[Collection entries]
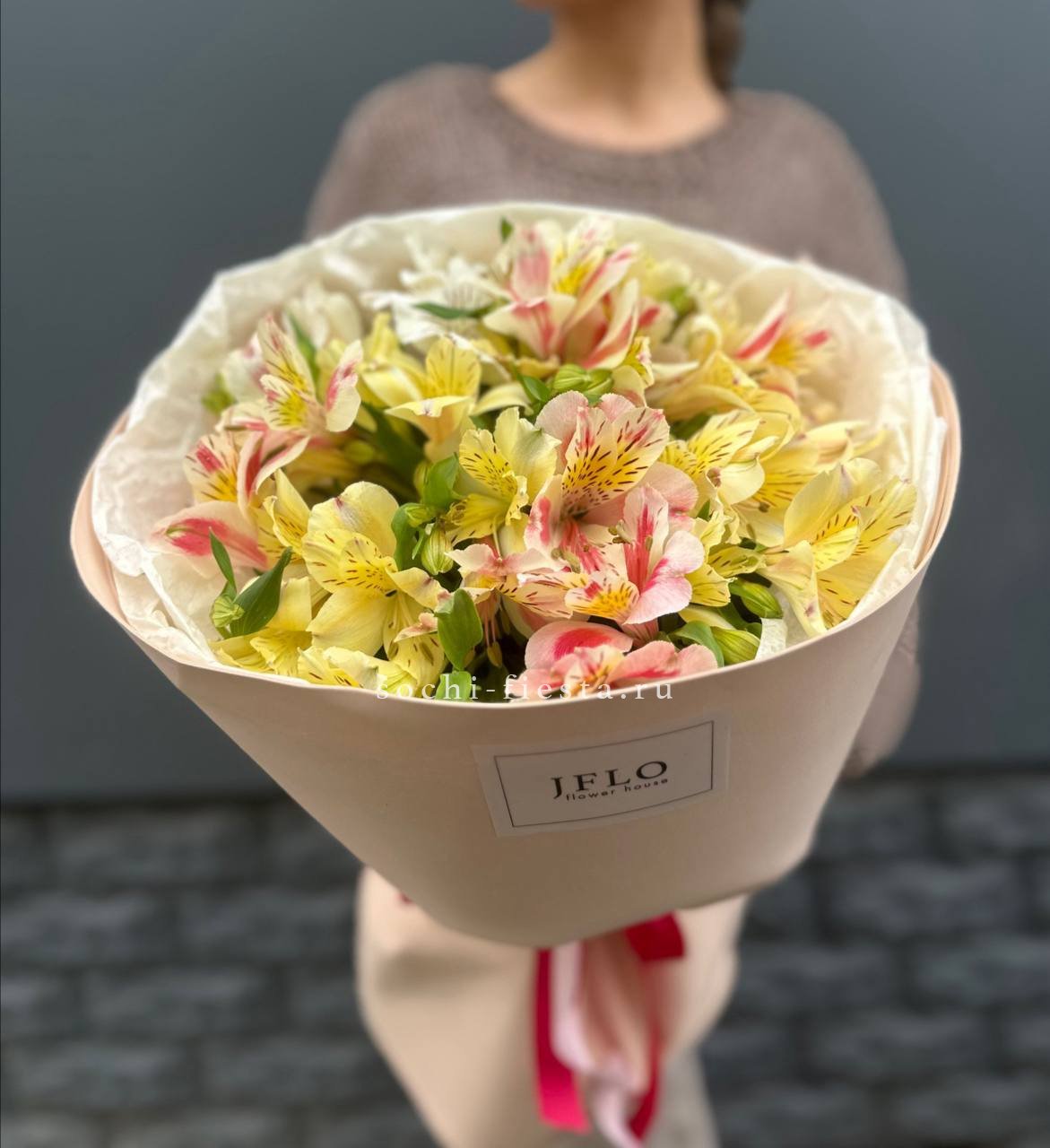 Девять альстромерий в воздушной упаковке пастельных оттенков выглядят мягко и свежо. Бутоны разной степени раскрытия добавляют букету глубины и лёгкой игривости.
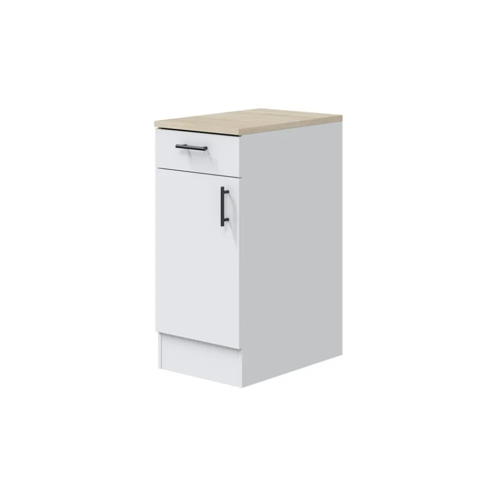Otro módulo de almacenamiento para la zona de fregadero, que ofrece un compartimento adicional para organizar utensilios, productos de limpieza o incluso artículos de uso ocasional. Con su puerta reversible y estante ajustable, es completamente adaptable a diferentes necesidades de almacenamiento.
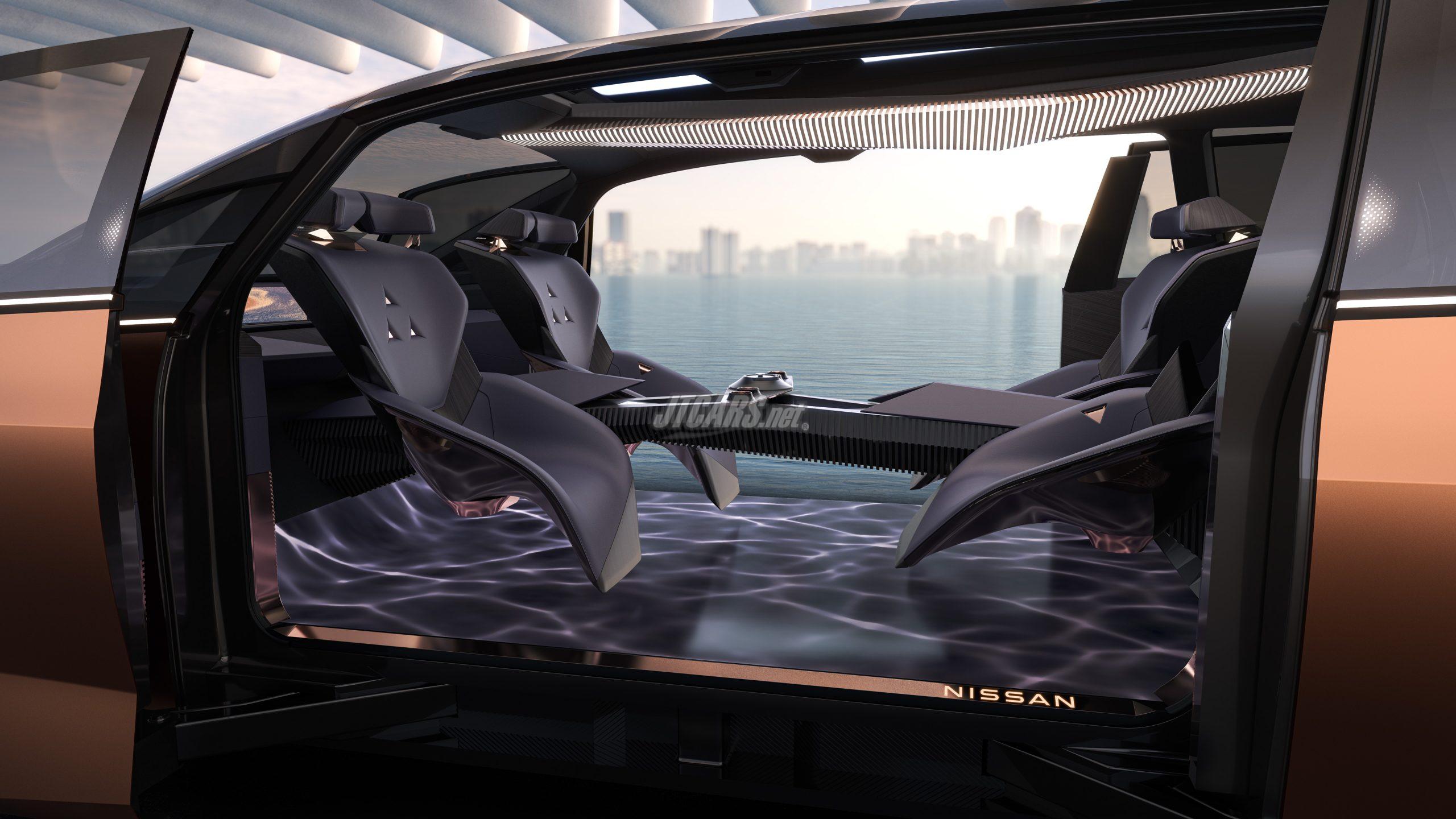 The spacious interior is made possible thanks to the Nissan EV Technology Vision, which consolidates compact components and high-energy density all-solid-state batteries to create innovate car packaging. The result is an ultra-low center of gravity, which when combined with the vehicle’s advanced e-4ORCE all-wheel control system produces smooth and flat acceleration and deceleration. The overhead console and lighting feature traditional Japanese kumiko and koushi patterns that create a sense of luxury, while the flat LED panel in the floor displays imagery of a riverbed and the sky, helping creating a relaxing space where digital and nature are fused.
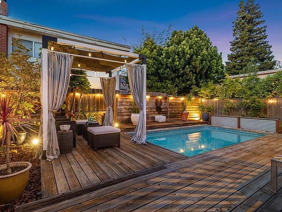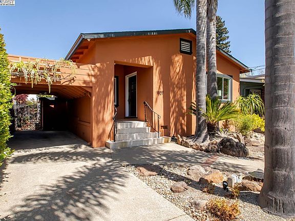 Built in 1914 and lovingly updated/remodeled by the present owners, this charming vintage Craftsman home features 2+ bedrooms, 1 bathroom, traditional living and dining rooms, a large recently updated kitchen, a den (home office or potential third bedroom), and curb appeal to spare! Situated on a sweet, tree-lined street filled with vintage houses from the same era, this central Bronze Coast location offers an unrivaled central island location within minutes of anywhere in Alameda. Features include tray ceilings, vintage oak floors, a fireplace, and abundant natural light throughout. The kitchen was updated in 2025, the bathroom remodeled in 2018. New water heater (2024) and new interior paint and light fixtures (2025). The sunny backyard includes a swimming pool (see disclosures for operational updates), a pool cabana, raised planter beds with citrus trees, and expansive wood decking. Attractive drought-resistant landscaping in both front and back. Just blocks to Franklin Park, Blue Dot Coffee and Encinal Nursery, and less than 1 mile to downtown Park Street's many amenities. A lovely home in an exceptionally convenient central location! Must see!
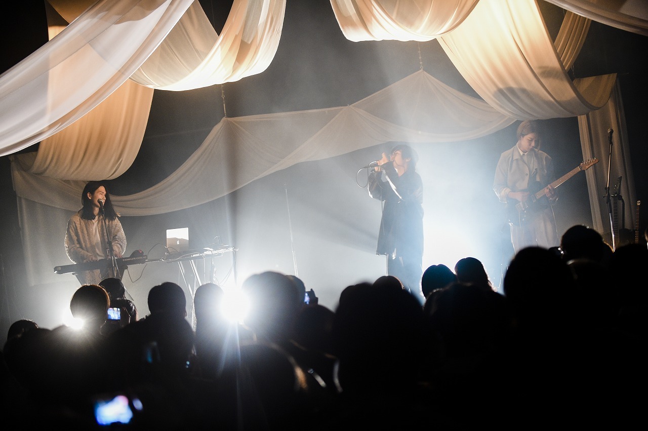 「リリースが5曲しかないのによくワンマンライブをやろうと思ったよね」と、Ichikaが笑う。「今日のライブは短いけど、頑張ってアルバム作ってます」と、たなかが応える。「3人でああだこうだ作っていくと本当にいい形になるよね」と、ササノが言う。バンドは音楽性と人間性とが絡み合い成長していくものだが、この3人は実に“合ってる”。「一人の時より楽しくて、(ステージに)出る前も不安じゃない」とたなかが笑う。3年前、ぼくりりの活動終了直前にこの会場で見た彼の姿をふと思い出す。あの時とはまったく違う、肯定的な空気がステージから流れ出して見える。

### [DESCRIPTION OF THE TASK]
Leaving every image behind, repeat the data in full and exactly.

### [TASK ANSWER]
 Девять альстромерий в воздушной упаковке пастельных оттенков выглядят мягко и свежо. Бутоны разной степени раскрытия добавляют букету глубины и лёгкой игривости.
Otro módulo de almacenamiento para la zona de fregadero, que ofrece un compartimento adicional para organizar utensilios, productos de limpieza o incluso artículos de uso ocasional. Con su puerta reversible y estante ajustable, es completamente adaptable a diferentes necesidades de almacenamiento.
 The spacious interior is made possible thanks to the Nissan EV Technology Vision, which consolidates compact components and high-energy density all-solid-state batteries to create innovate car packaging. The result is an ultra-low center of gravity, which when combined with the vehicle’s advanced e-4ORCE all-wheel control system produces smooth and flat acceleration and deceleration. The overhead console and lighting feature traditional Japanese kumiko and koushi patterns that create a sense of luxury, while the flat LED panel in the floor displays imagery of a riverbed and the sky, helping creating a relaxing space where digital and nature are fused.
 Built in 1914 and lovingly updated/remodeled by the present owners, this charming vintage Craftsman home features 2+ bedrooms, 1 bathroom, traditional living and dining rooms, a large recently updated kitchen, a den (home office or potential third bedroom), and curb appeal to spare! Situated on a sweet, tree-lined street filled with vintage houses from the same era, this central Bronze Coast location offers an unrivaled central island location within minutes of anywhere in Alameda. Features include tray ceilings, vintage oak floors, a fireplace, and abundant natural light throughout. The kitchen was updated in 2025, the bathroom remodeled in 2018. New water heater (2024) and new interior paint and light fixtures (2025). The sunny backyard includes a swimming pool (see disclosures for operational updates), a pool cabana, raised planter beds with citrus trees, and expansive wood decking. Attractive drought-resistant landscaping in both front and back. Just blocks to Franklin Park, Blue Dot Coffee and Encinal Nursery, and less than 1 mile to downtown Park Street's many amenities. A lovely home in an exceptionally convenient central location! Must see!
 「リリースが5曲しかないのによくワンマンライブをやろうと思ったよね」と、Ichikaが笑う。「今日のライブは短いけど、頑張ってアルバム作ってます」と、たなかが応える。「3人でああだこうだ作っていくと本当にいい形になるよね」と、ササノが言う。バンドは音楽性と人間性とが絡み合い成長していくものだが、この3人は実に“合ってる”。「一人の時より楽しくて、(ステージに)出る前も不安じゃない」とたなかが笑う。3年前、ぼくりりの活動終了直前にこの会場で見た彼の姿をふと思い出す。あの時とはまったく違う、肯定的な空気がステージから流れ出して見える。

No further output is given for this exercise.